_PROBLEM REQUIREMENTS_
All pictures are to be skipped; retype only the lines from the top of the entries through the line with "The assessment of", both included.

Extracted records
● ● ● ● ●
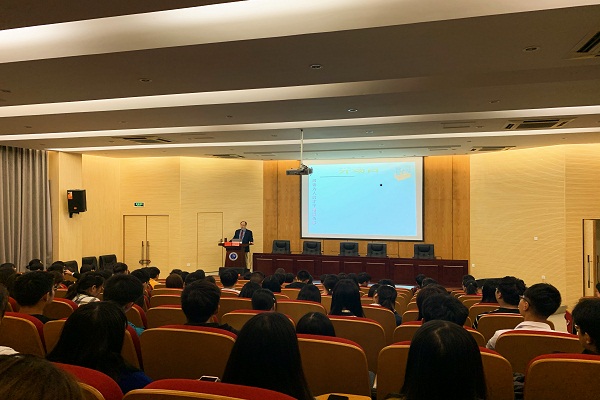 报告会一开场,叶观澜就带领大家一起诵读了《资治通鉴》中孙权劝导吕蒙读书的一段话,从而引出了读书的重要性。而就人为什么要读书,叶观澜从官方看法、学界态度和读者成长三个方面进行阐述,并旁征博引,引经据典,深入浅出地向师生们阐述了开卷有益。他还从哈佛校训精神、文学大家胡适、红楼梦品读和自己多年的读书心得等方面阐述了读书对于发现自我、发展思维、发启智慧和发育精神的重要作用,并鼓舞师生勤读书、好读书。
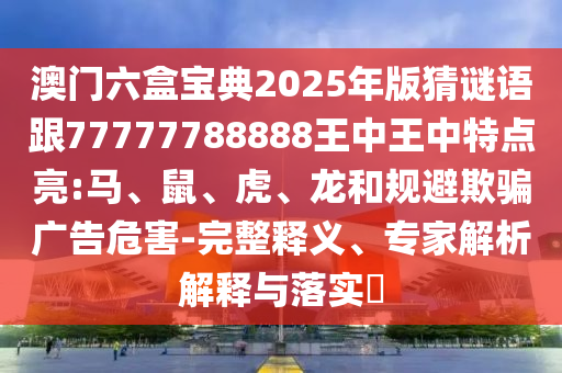 澳門六盒寶典2025年版猜謎語跟77777788888王中王中特點(diǎn)亮:馬、鼠、虎、龍和規(guī)避欺騙廣告危害-完整釋義、專家解析解釋與落實(shí)?
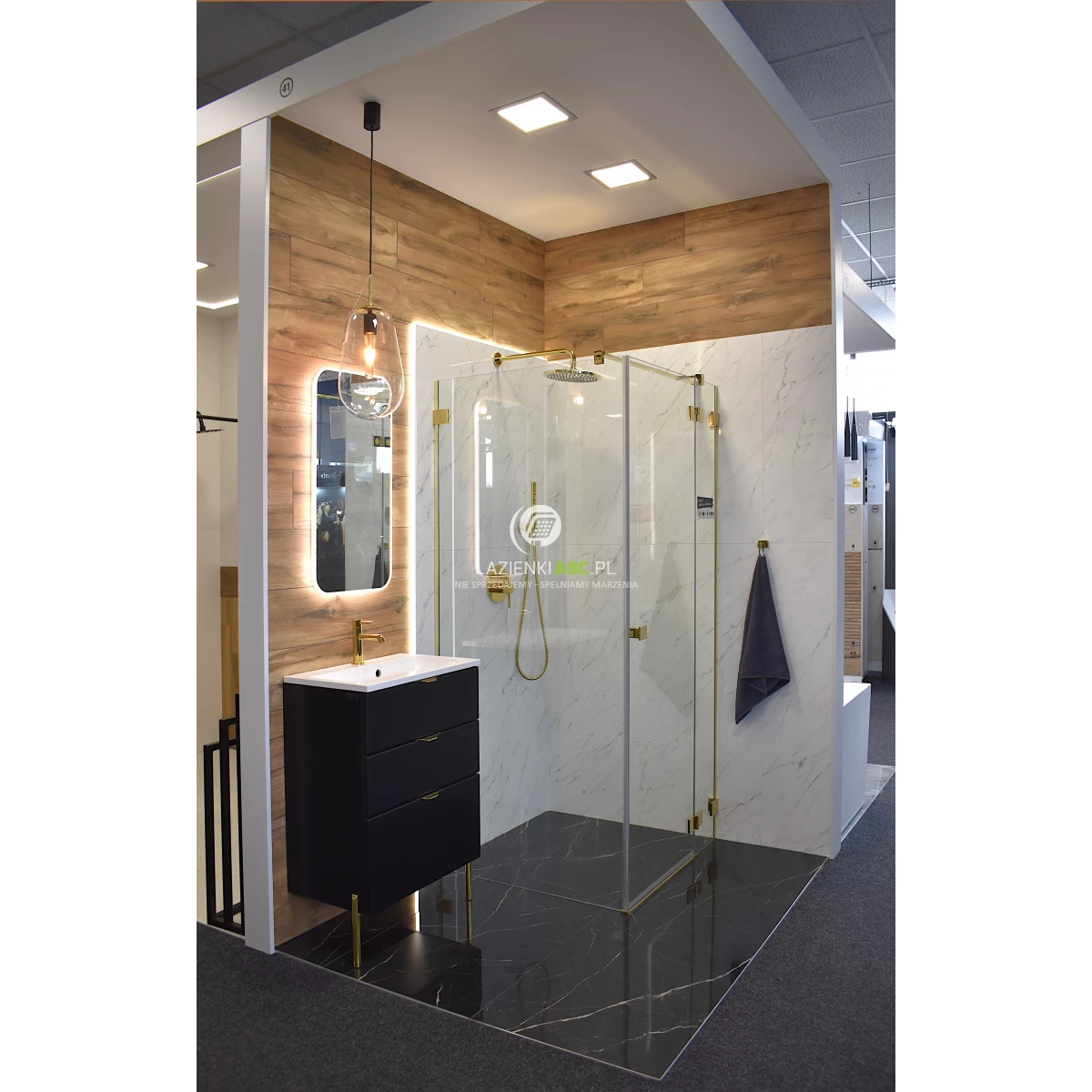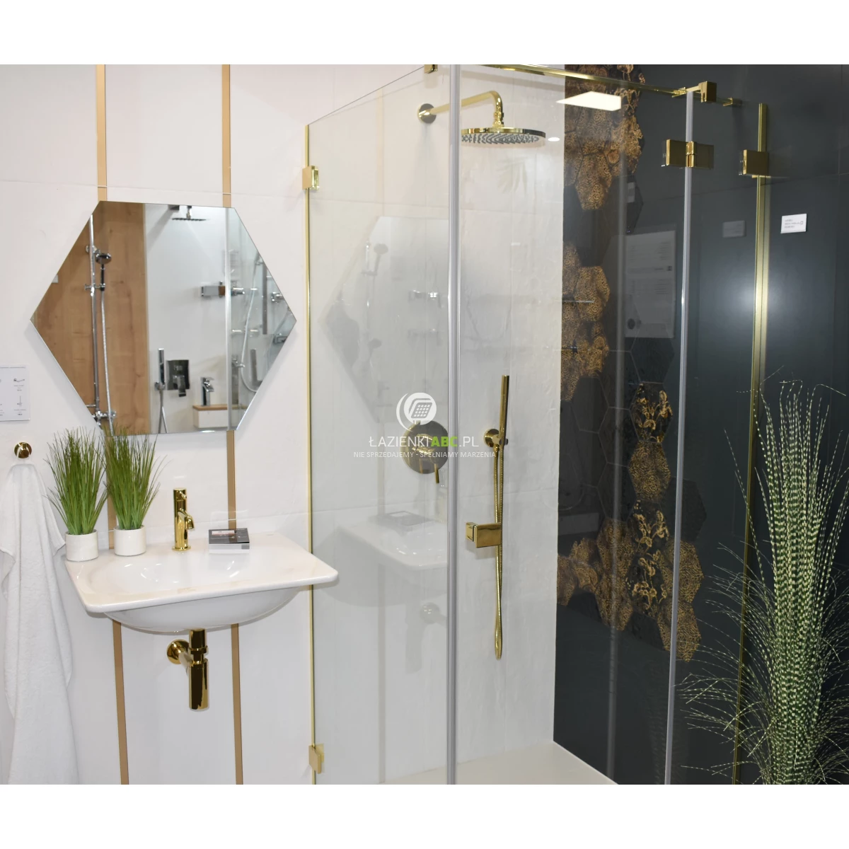 Piękny, nowoczesny zestaw, świetnie prezentuje się w łazience w złotej kabinie. Bardzo łatwy w czyszczeniu. Polecam.
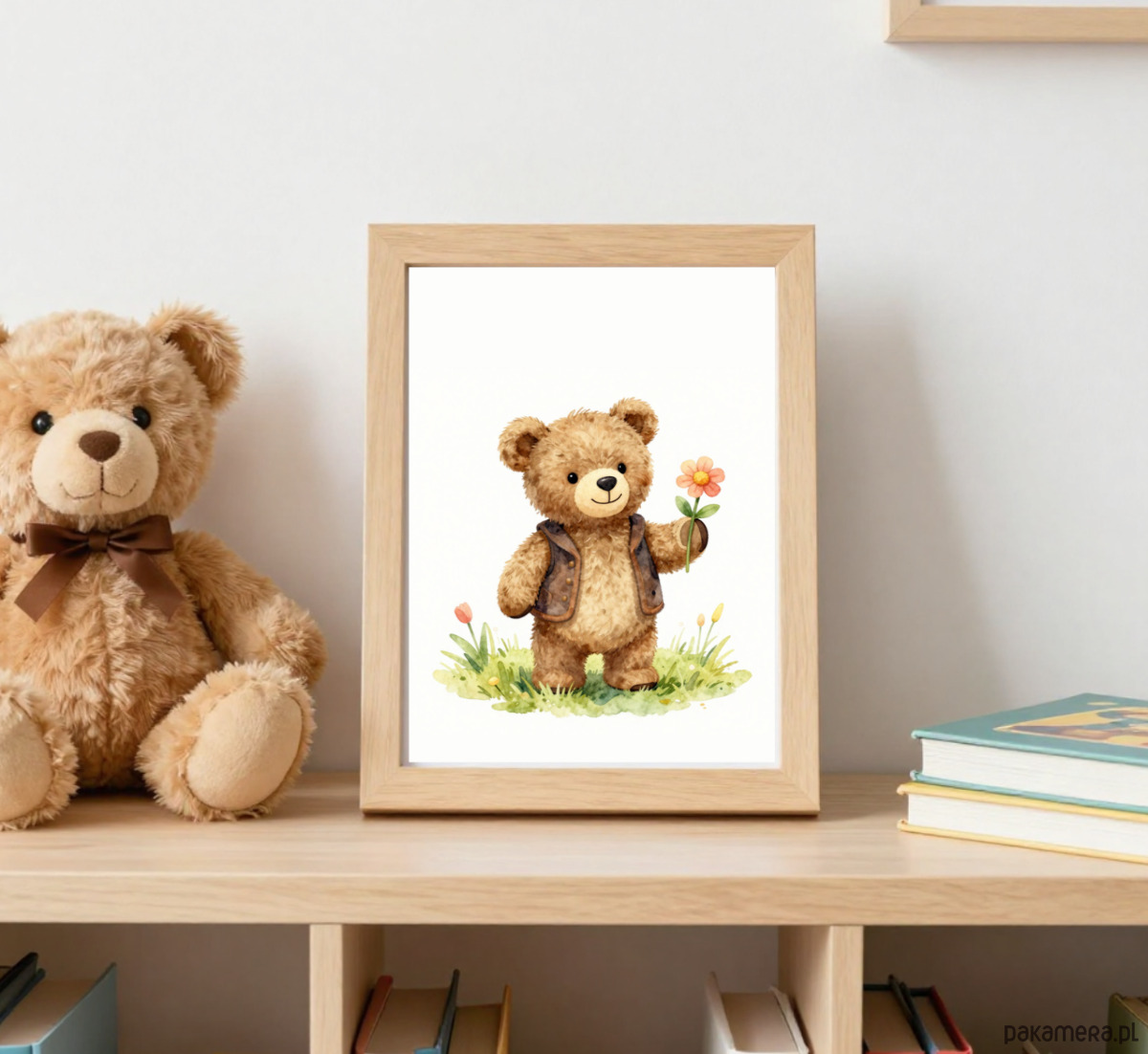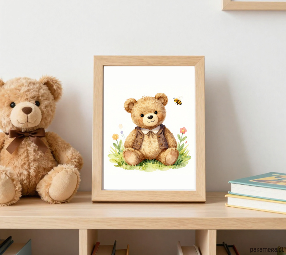 PLAKATY POKOJ DZIECKA miś na łące obrazki pokój dziecka
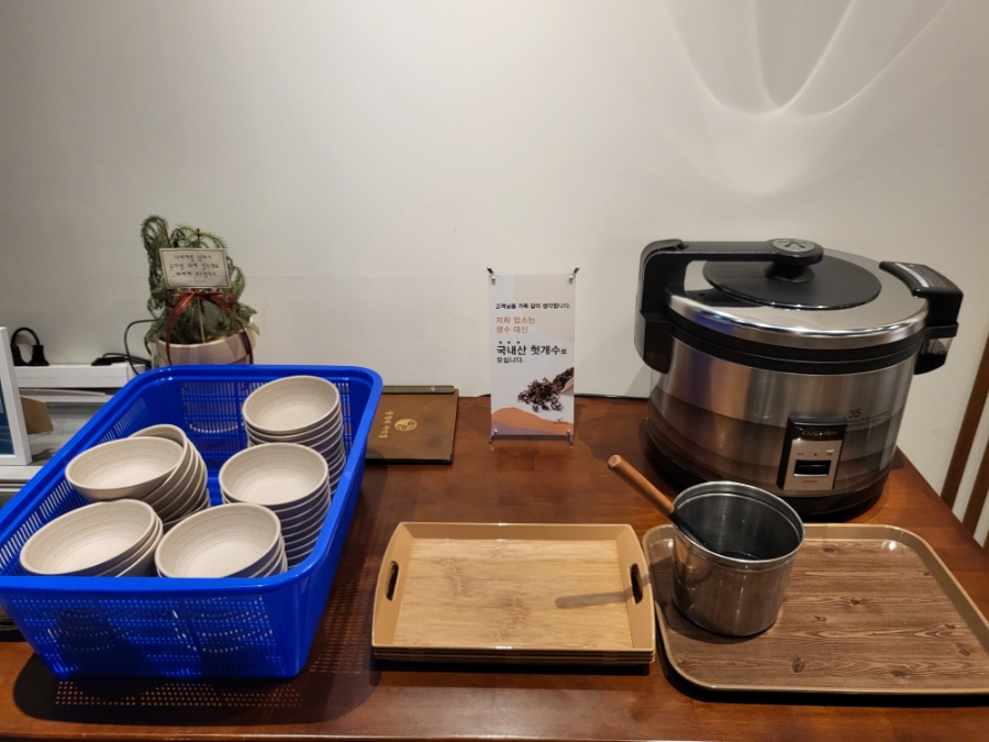 한곳에서는 누룽지,숭늉을 떠서 먹을 수 있었고 식전 혹은 식후에 먹기 좋아보이네요
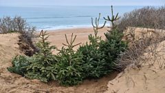 Christmas Trees at Fistral help the dunes stabilise
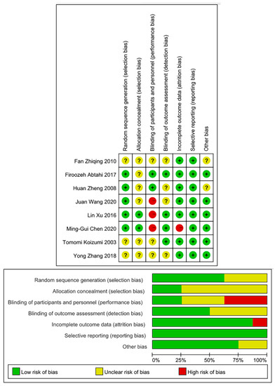 The assessment of the risk of bias for all included studies was summarized and shown as Figure 2. The overall risk of bias was low or unclear. All studies presented balance in baseline characteristics. Almost all the studies reported that the study was ‘randomized’ while three trials did not provide the details of the generation of the random sequence [16,20,22]. Only two studies reported appropriate concealment of allocation, other studies [16,17,19,20,21,22] were rated unclear due to lack of sufficient details. In the aspect of blinding, it is impractical to blind participants and program personnel on the basis of exercise-based CR. Four articles [14,18,20,21] reported adequate description of the blinding of the outcome assessment. For attrition bias, only one study [18] was judged as “high risk of bias” due to 14.6% rate of loss of follow-up. The risk for reporting bias was low for all included studies. Two articles [19,22] were rated “uncertain risk of bias” for other bias because of a lack of sufficient information.
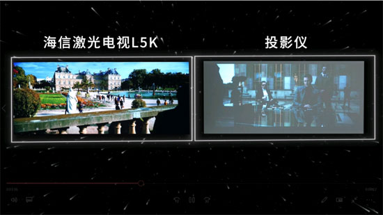 测评博主用海信L5K播放了IMAX Enhanced片源的《疾速追杀4》,发现和液晶电视相比,海信L5K屏幕上电影画面铺满的比例更大,黑边范围小,展现出来的画面内容更多。
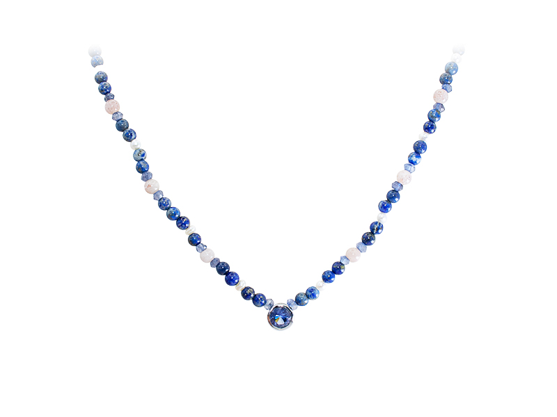 Collar de plata de 925 mm con piedras naturales de varios colores. Bolas de 4 mm de diámetro. Boca central de plata con iolita de 6 mm de diámetro.
● ● ● ● ●
_ANSWER SPACE_
 报告会一开场,叶观澜就带领大家一起诵读了《资治通鉴》中孙权劝导吕蒙读书的一段话,从而引出了读书的重要性。而就人为什么要读书,叶观澜从官方看法、学界态度和读者成长三个方面进行阐述,并旁征博引,引经据典,深入浅出地向师生们阐述了开卷有益。他还从哈佛校训精神、文学大家胡适、红楼梦品读和自己多年的读书心得等方面阐述了读书对于发现自我、发展思维、发启智慧和发育精神的重要作用,并鼓舞师生勤读书、好读书。
 澳門六盒寶典2025年版猜謎語跟77777788888王中王中特點(diǎn)亮:馬、鼠、虎、龍和規(guī)避欺騙廣告危害-完整釋義、專家解析解釋與落實(shí)?
 Piękny, nowoczesny zestaw, świetnie prezentuje się w łazience w złotej kabinie. Bardzo łatwy w czyszczeniu. Polecam.
 PLAKATY POKOJ DZIECKA miś na łące obrazki pokój dziecka
 한곳에서는 누룽지,숭늉을 떠서 먹을 수 있었고 식전 혹은 식후에 먹기 좋아보이네요
 Christmas Trees at Fistral help the dunes stabilise
 The assessment of the risk of bias for all included studies was summarized and shown as Figure 2. The overall risk of bias was low or unclear. All studies presented balance in baseline characteristics. Almost all the studies reported that the study was ‘randomized’ while three trials did not provide the details of the generation of the random sequence [16,20,22]. Only two studies reported appropriate concealment of allocation, other studies [16,17,19,20,21,22] were rated unclear due to lack of sufficient details. In the aspect of blinding, it is impractical to blind participants and program personnel on the basis of exercise-based CR. Four articles [14,18,20,21] reported adequate description of the blinding of the outcome assessment. For attrition bias, only one study [18] was judged as “high risk of bias” due to 14.6% rate of loss of follow-up. The risk for reporting bias was low for all included studies. Two articles [19,22] were rated “uncertain risk of bias” for other bias because of a lack of sufficient information.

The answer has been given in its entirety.